File this one under "eternal vigilance." The Daily KOS has been running weekly polling results for about a year and a half. They recently parted company with the polling firm, Research 2000 (R2K), when FiveThirtyEight found that R2K had a very poor record. If you want to know which polls are reliable, click the previous link.
Perhaps the most famous R2K poll found that large numbers of Republican voters believe outlandish things, such as the birther myth.
Yesterday DKOS announced that there were much graver problems with some of the R2K polls than mere inaccuracy.
A bit over two weeks ago, a group of statistic wizards (Mark Grebner, Michael Weissman, and Jonathan Weissman) approached me with a disturbing premise -- they had been poring over the crosstabs of the weekly Research 2000 polling we had been running, and were concerned that the numbers weren't legit.
I immediately began cooperating with their investigation, which concluded late last week. Daily Kos furnished the researchers with all available and relevant information in our possession, and we made every attempt to obtain R2K's cooperation which… was not forthcoming.
The wizard's report makes for fascinating reading. It is a brilliant example of how an expert, and maybe even a layman, can determine that a statistical summary is bogus without any access to the underlying data. Consider this one sample from R2K:
Approval of: | Favorable | Unfavorable | Undecided | |||
Men | Women | Men | Women | Men | Women | |
Obama | 43 | 59 | 54 | 34 | 3 | 7 |
Pelosi | 22 | 52 | 66 | 38 | 12 | 10 |
Reid | 28 | 36 | 60 | 54 | 12 | 10 |
McConnell | 31 | 17 | 50 | 70 | 19 | 13 |
Boehner | 26 | 16 | 51 | 67 | 33 | 17 |
Cong. (D) | 28 | 44 | 64 | 54 | 8 | 2 |
Cong. (R) | 31 | 13 | 58 | 74 | 11 | 13 |
Party (D) | 31 | 45 | 64 | 46 | 5 | 9 |
Party (R) | 38 | 20 | 57 | 71 | 5 | 9 |
This is a pretty simple polling question: do you have a favorable view of X, an unfavorable view, or are you undecided. However, there is something very wrong with those numbers. Can you see it? Look carefully. I would like to think that I would have seen it if I had looked long enough, but I'll never know because I skipped ahead to the explanation. Give yourself a few minutes, and if it doesn't jump out, then…

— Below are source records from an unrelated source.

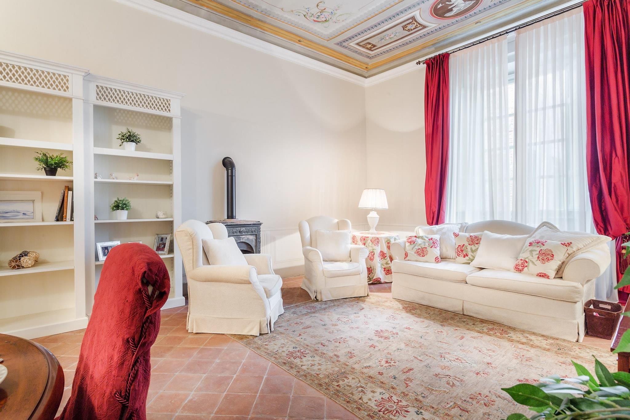 Træd ind i en smukt renoveret lejlighed, der legemliggør Luccas charme og historie. Kun få skridt fra den fantastiske katedral San Martino og lige rundt om hjørnet fra det ikoniske Guinigi-tårn, fungerer dette lyse og indbydende tilflugtssted som en ideel base for dine toscanske eventyr. Beliggende inden for Luccas gamle mure, tilbyder denne tidligere residens for en fremtrædende silkehandlerfamilie fra 1400-tallet en unik blanding af historie og modernitet, hvilket gør den perfekt for rejsende, der er ivrige efter at udforske byen og dens fortryllende landskab. Beliggende på anden sal, tilgængelig med elevator, kan denne lejlighed prale af en rolig beliggenhed i et malerisk, gåvenligt område. Kvarteret er fyldt med dejlige pizzeriaer, charmerende caféer til morgenmad, bagerier og lokale dagligvarebutikker, hvilket sikrer, at du har alt, hvad du behøver, lige ved hånden. Nyd den pulserende lokale kultur ved at besøge det nærliggende ugentlige marked eller slentre langs den ikoniske promenade oven på Luccas gamle mure, mens du nyder den betagende udsigt over byen. Når du træder indenfor, vil du blive mødt af en elegant og rummelig planløsning på 100 kvadratmeter, der byder på moderne bekvemmeligheder kombineret med tidløst design. Den store stue fremviser originale malede lofter fra 1700-tallet, hvilket skaber en betagende atmosfære, der komplementerer de elegante, nye møbler. Med to hyggelige soveværelser, et fuldt udstyret køkken med alle nødvendige apparater og et overdådigt badeværelse med en stor indbygget bruser, lover denne lejlighed et dejligt ophold fyldt med komfort og stil, hvilket gør den til det perfekte hjem væk fra hjemmet under din Lucca-ferie. Bemærk: Turistskat skal betales på ejendommen.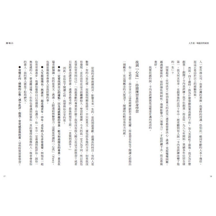 ● 你一定要找到自己的優點,以及最感興趣的學業、能力和最擅長的專業,並且在這方面加油。我的是英文、溝通、人際連結與聯想力。這就是所謂的「心流」(Flow),也就是做起來會進入忘我狀態的事。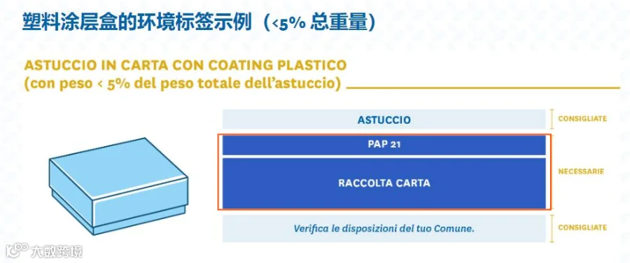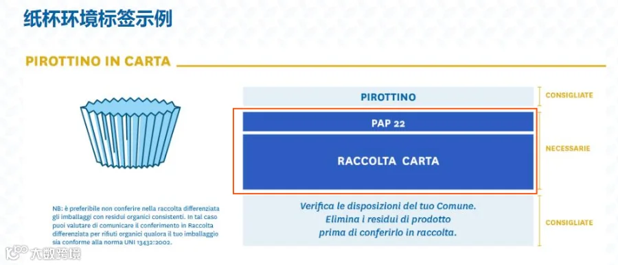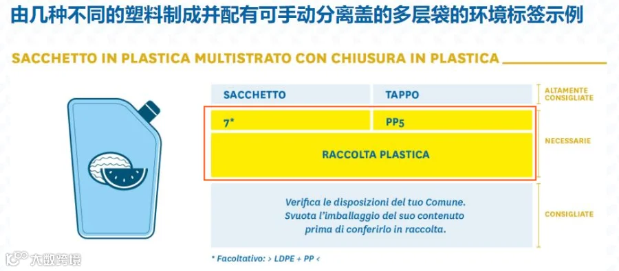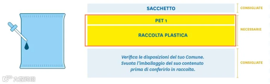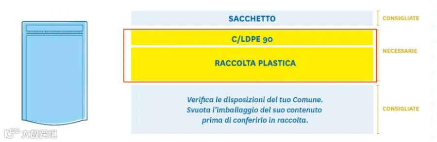 (2)材料类型+回收建议,例如“CARTA + Raccolta differenziata + Verifica le disposizioni del tuo Comune”(主要材料为纸,应单独收集,并要求消费者检查市政当局的规定)。
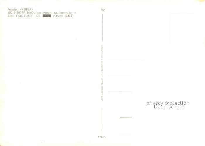 Dorf Tirol Pension Hofer postalisch nicht gelaufen Erhaltung siehe scans [PaolaD17]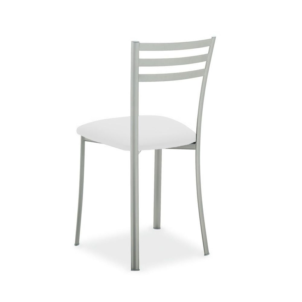 Die Struktur des Stuhls ist in verchromtem Metall, satiniertem Lack oder mattem optischem Weißlack erhältlich.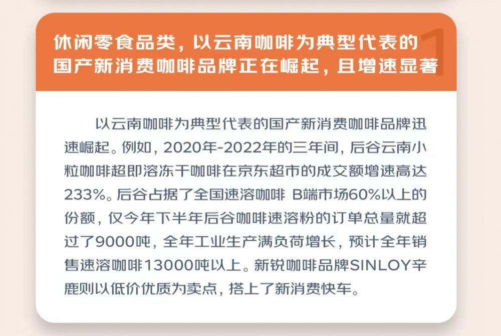 在休闲零食品类,以云南咖啡为典型代表的国产新消费咖啡品牌正在崛起,在2020-2022三年间,京东云南咖啡销量增长6倍,用户数量增长五倍。新锐咖啡品牌SINLOY辛鹿则以低价优质为卖点,将“口粮咖啡”标签植入消费者的心中,搭上了新消费快车。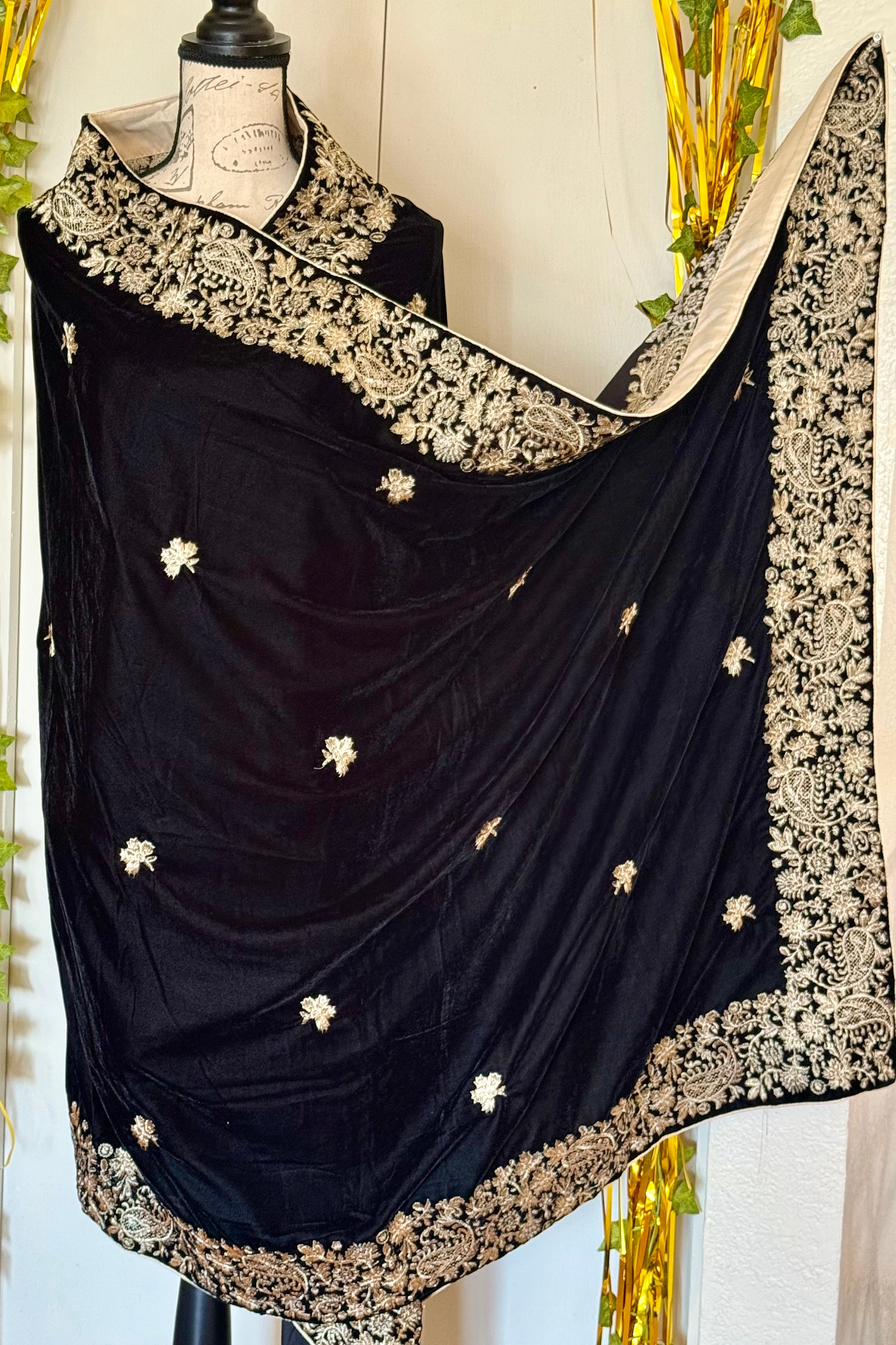 Add a touch of timeless grace to your winter wardrobe with this luxurious black velvet shawl. Crafted from premium velvet, it features intricate zari thread embroidery along the borders and scattered floral motifs throughout the fabric. The fine golden embroidery gives it a regal charm — perfect for festive occasions, weddings, or evening gatherings.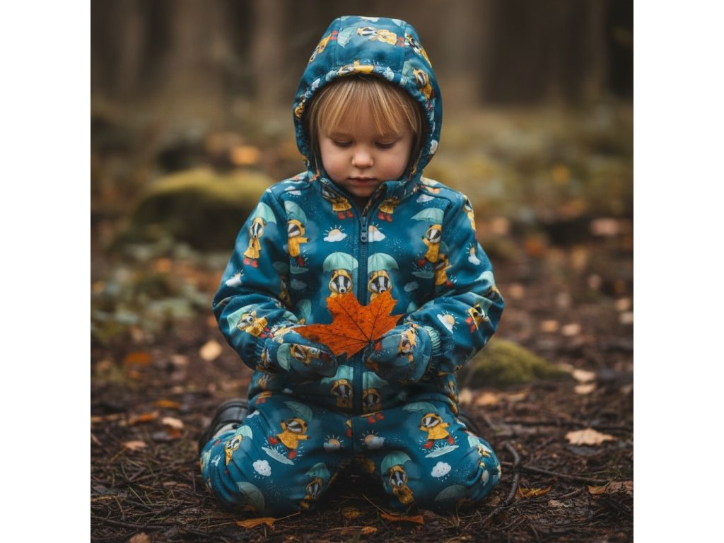 Originální softshell s motivem jezevce, který si poradí i s deštivým počasím. Ideální materiál na bundy, kalhoty či vesty pro malé i velké dobrodruhy. 🦡 Softshell je odolný vůči větru, nepromokavý a zároveň prodyšný – děti zůstanou v suchu a pohodlí. ✂️✨
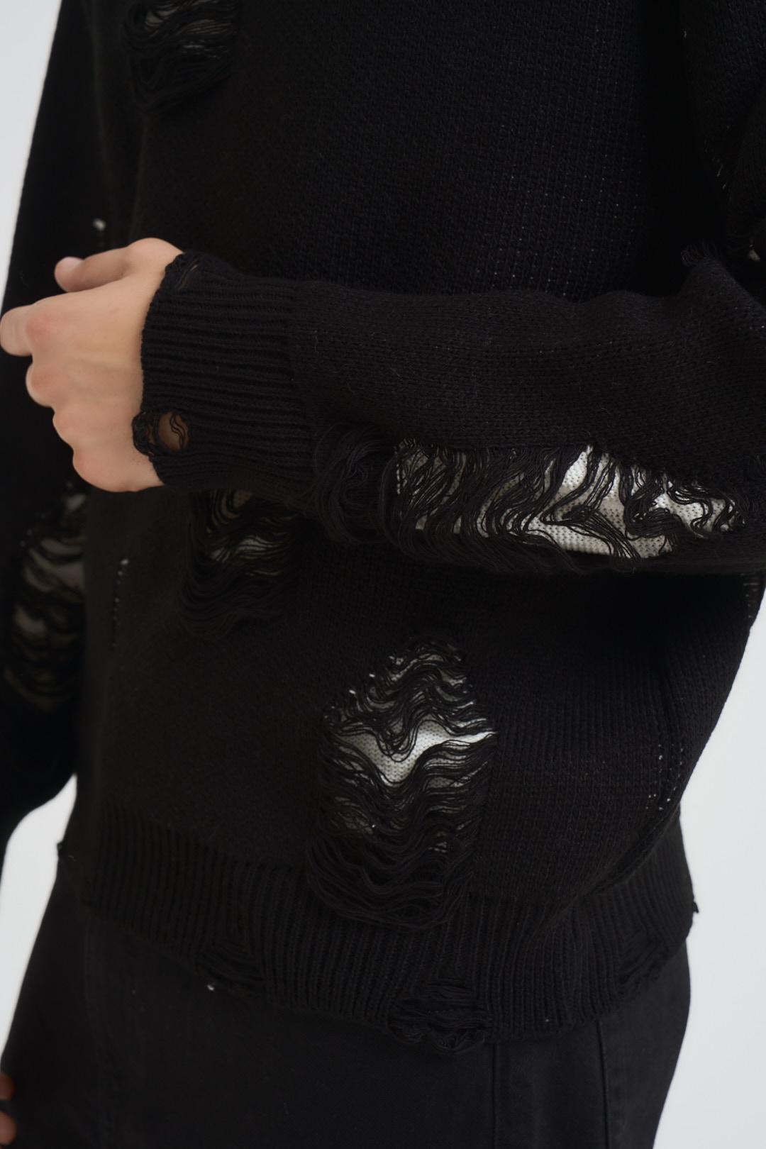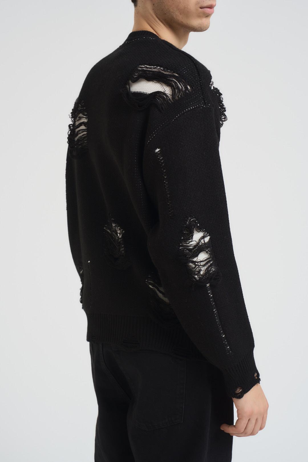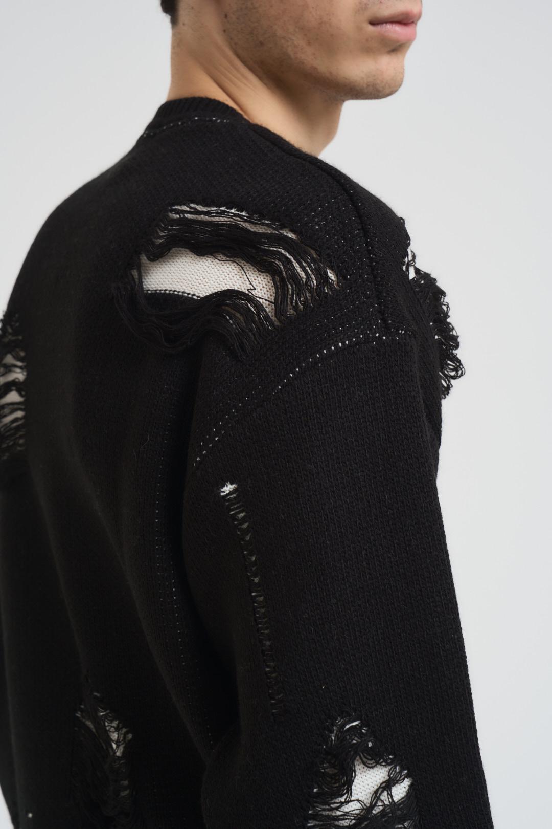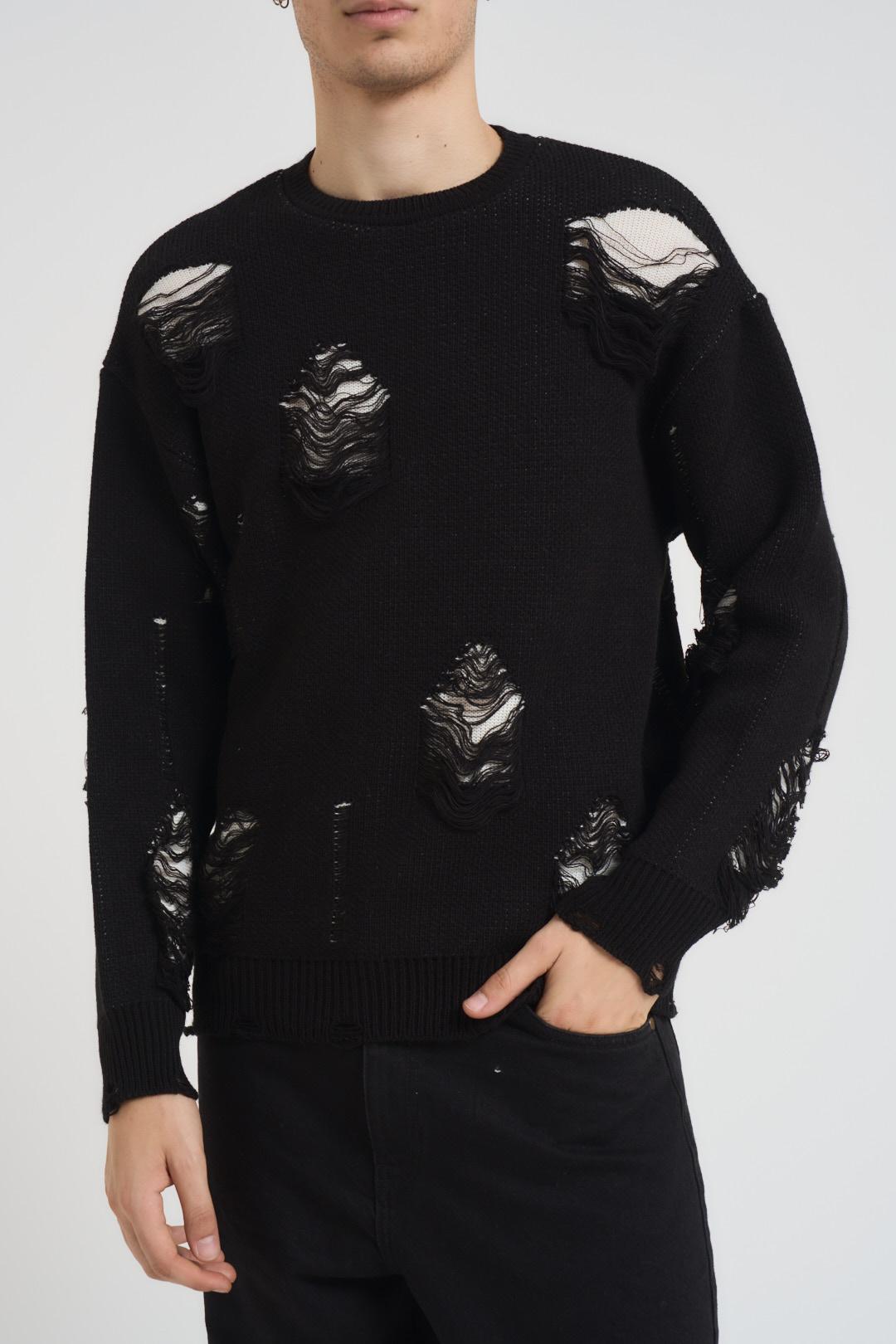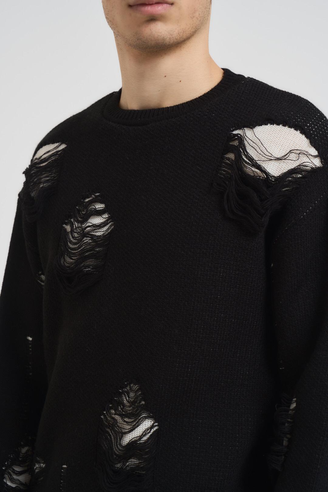 OVERD Felpa uomo girocollo con rotture nera. Modello a manica lunga, con dettagli a costine. Composizione: cotone e poliestere. Il modello è alto 190cm e indossa la taglia L.

Overall, the results are unsurprising. Men are more conservative than women. Adjusted for that, everyone thinks that both parties and both houses aren't worth a pitcher of warm spit. Now let me give you a clue.
Approval of: | Favorable | Unfavorable | Undecided | |||
Men | Women | Men | Women | Men | Women | |
Obama | 43 | 59 | 54 | 34 | 3 | 7 |
Pelosi | 22 | 52 | 66 | 38 | 12 | 10 |
Reid | 28 | 36 | 60 | 54 | 12 | 10 |
McConnell | 31 | 17 | 50 | 70 | 19 | 13 |
Boehner | 26 | 16 | 51 | 67 | 33 | 17 |
Cong. (D) | 28 | 44 | 64 | 54 | 8 | 2 |
Cong. (R) | 31 | 13 | 58 | 74 | 11 | 13 |
Party (D) | 31 | 45 | 64 | 46 | 5 | 9 |
Party (R) | 38 | 20 | 57 | 71 | 5 | 9 |
Now do you see the problem? I've highlighted all the even numbers. In every male/female comparison both numbers are even or both numbers are odd. There isn't a single case where the stat for men is even and that for women is odd, or vice versa. That is statistically all but impossible.
Consider a double coin toss. You either get Heads Heads, TT, HT, or TH. If you do it 27 times, you get about six or seven of each result; if, that is, the game is fair. If you get all HH and TT, something is very wrong. If you get all HH, you're using double headed coins.
Of course the numbers above are rounded off, but rounding has a fifty/fifty chance of turning an even number into an odd one or vice versa. No random sampling would have produced the even and odd pairs in the table above. It's not just 27 examples, unfortunately (for R2K).
Were the results in our little table a fluke? The R2K weekly polls report 778 M-F pairs. For their favorable ratings (Fav), the even-odd property matched 776 times. For unfavorable (Unf) there were 777 matches.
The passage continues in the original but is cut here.